Peter était en train de réfléchir dans son bureau, dans moins de deux semaines, il allait rencontrer le régime le plus antagoniste de Menkelt. Il ne savait absolument pas comment la rencontre allait se passer, il n'en avait aucune idée. Que diable voulait bien le Grand-Kah ? La commande militaire l'avait profondément étonné, les propositions par missives aussi. Qu'est-ce que les communalistes voulaient seigneur ?

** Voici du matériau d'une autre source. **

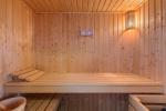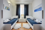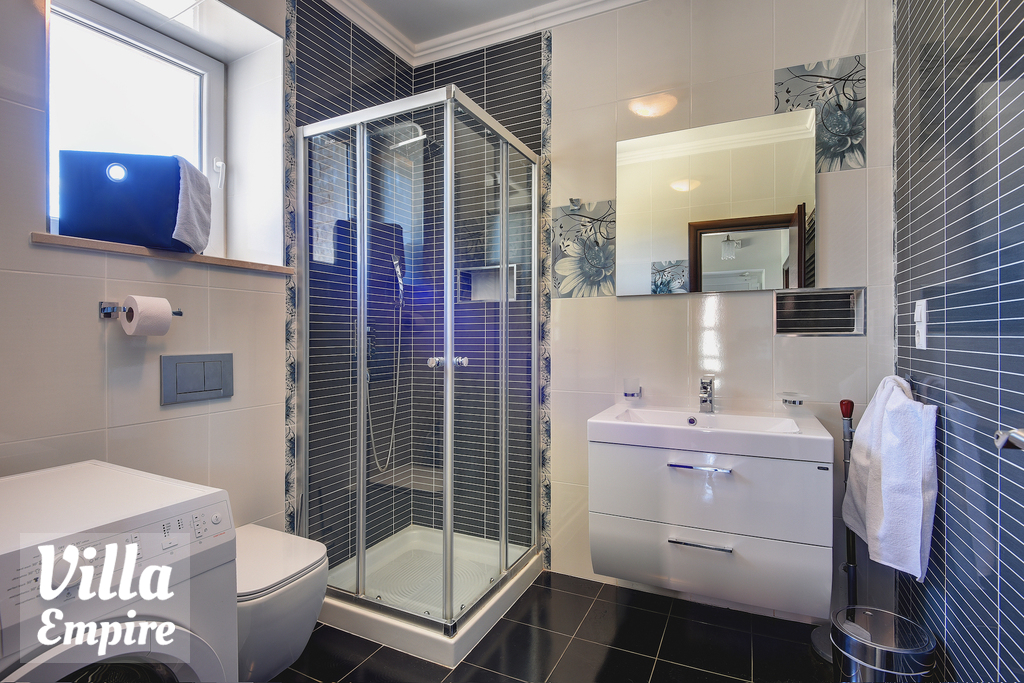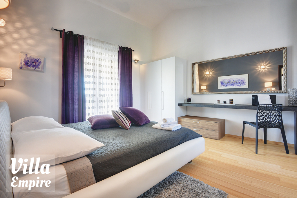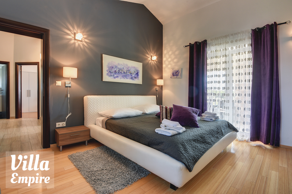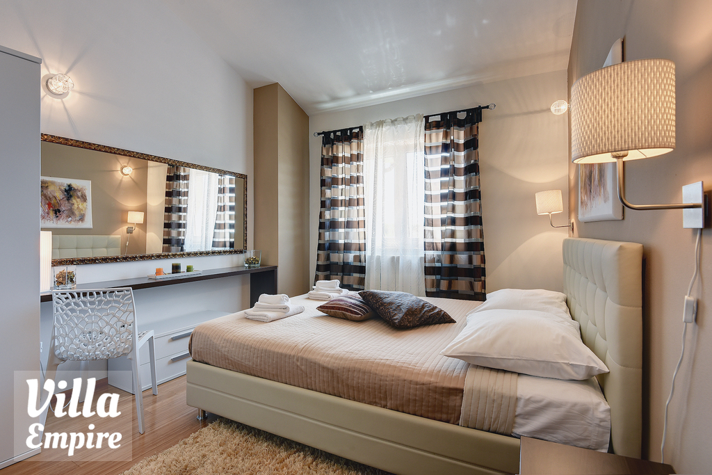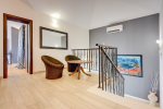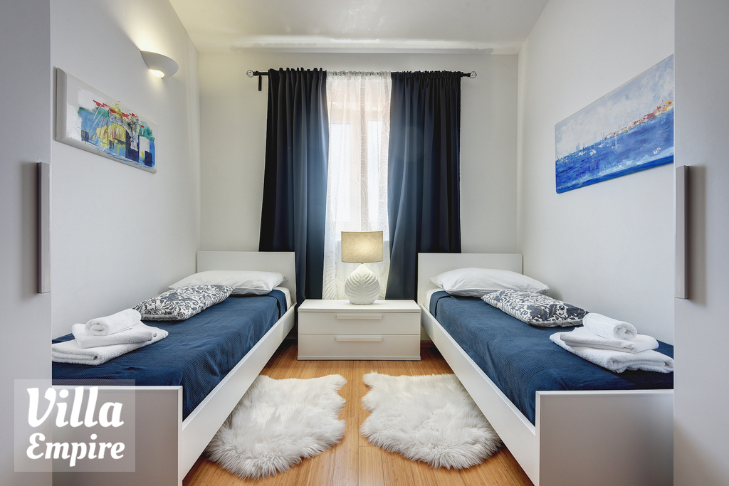 Bedrooms – All three bedrooms are on the upper floor. Two of them have double beds, while the third has two single beds. There is also a baby cot and a sofa bed, providing sleeping for up to 8 guests. There are side tables, lamp shades, sitting, and wardrobes with ample storage and hanging space. Large mirror make the rooms appear more spacious. Wooden and carpeted flooring. Paintings decorate the walls.

''Tu sais qui sont les gars que tu vas rencontrer ?''

Galahad Vi Bretonnia avait brisé le silence qui s'était installé dans le bureau, ce dernier était en train de tailler un morceau de bois avec son couteau de milicien. Le jeune homme était le chef des milices Bretonniennes, Galahad était issu d'une famille bâtarde de la famille impériale, son arrière-arrière-arrière grand père naquit de l'union de l'ancien empereur Griffith II et d'une maîtresse. Un bâtard qui était devenu, via les aléa curieux et hasardeux de la vie, un des nombreux chiens de guerre du Premier ministre et de l'idéologie archéotraditionnaliste. Galahad était l'un des plus grands fidèles de Peter Kibener.
Le premier ministre menkien, l'air absent et tournant autour de son fauteuil répondit sobrement.

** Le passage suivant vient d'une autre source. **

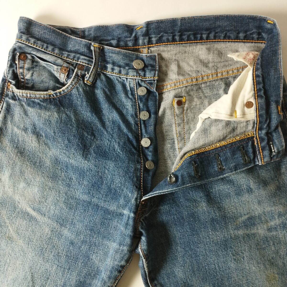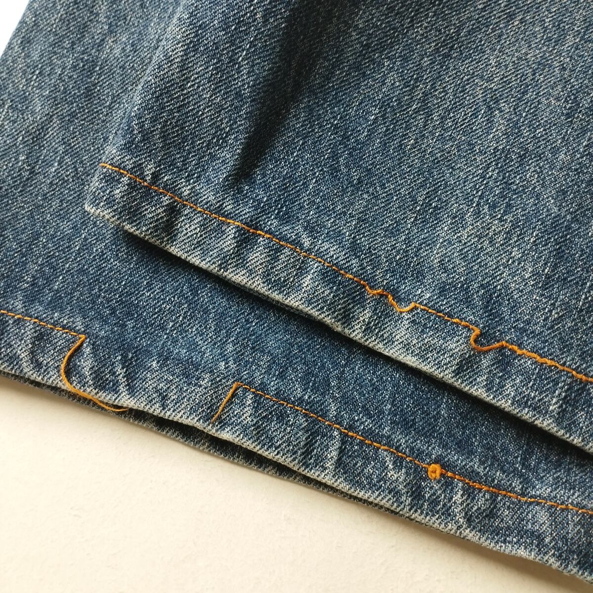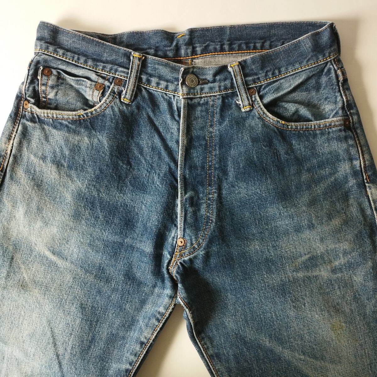 状態は両足太もも辺りに汚れあり、裾のステッチ一部切れていますが着用に差支えのあるダメージは見受けられません。裾シングルステッチ。

''Je n'en sais strictement rien pour le moment, je vais avoir l'information demain.... Normalement.''

''Moi j'dis qu'tu d'vrais me laisser vous rejoindre avec Patrick. On devrait leur faire peur même ! Je peux vous accompagner pendant la rencontre et si les représentants Kah-tanais font un peu trop les cons avec nous, j'peux leur donner deux-trois coups de matraque par si, par là. ''

''T'es un marrant toi... Cassez la gueule à des représentants de la deuxième puissance du monde. Quelle bonne idée !''

Peter soupira.

''Ce n'est pas avec toi, Galahad, que je vais montrer une bonne image de notre pays.''

''Ne ran ket forzh.''

Sur ces mots, qui signifiaient littéralement j'en ai rien à foutre en Bretonnien, Galahad lâcha un mollard sur le crachoir à côté de lui.

''Qu'est ce qu'on peut s'en foutre de ce qu'ils pensent de nous ou si la rencontre se passe mal ! On ne doit rien à ces enfoirés de communalistes bordel ! Et je suis certain en plus qu'ils sont derrière la chute de l'Altrecht ! Toute façon c'est soit eux, soit l'Estalie ! Et puis merde ! Depuis quand on montre patte blanche aux coco' ? Enfin ! Peter, réveille toi !

Peter, vêtu de sa longue robe noire, se mit à se lever et à regarder via la fenêtre de son bureau les deux mains dans le dos, il faisait un temps gris, il allait bientôt pleuvoir, c'était la seule chose qui était certaine pour lui actuellement. Il réfléchissait, Peter ne voulait pas non plus les accueillir de manière amicale, ni non plus se montrer agressivement hostile. Non, il fallait montrer que jamais, même avec toutes les théories marxistes du monde, même avec toute l'économie du monde, même avec toutes les armées du monde, jamais ils n'influenceraient quoi que ce soit à Menkelt. En clair, il fallait montrer que Menkelt n'est pas Achos, mais comment faire ? Comment jouer la cordialité et la fermeté à la fois ? Il fallait un équilibre.
Il ouvra grand les yeux après un temps de réflexion. Soudain, Peter se tourna de manière assez théâtrale vers Galahad.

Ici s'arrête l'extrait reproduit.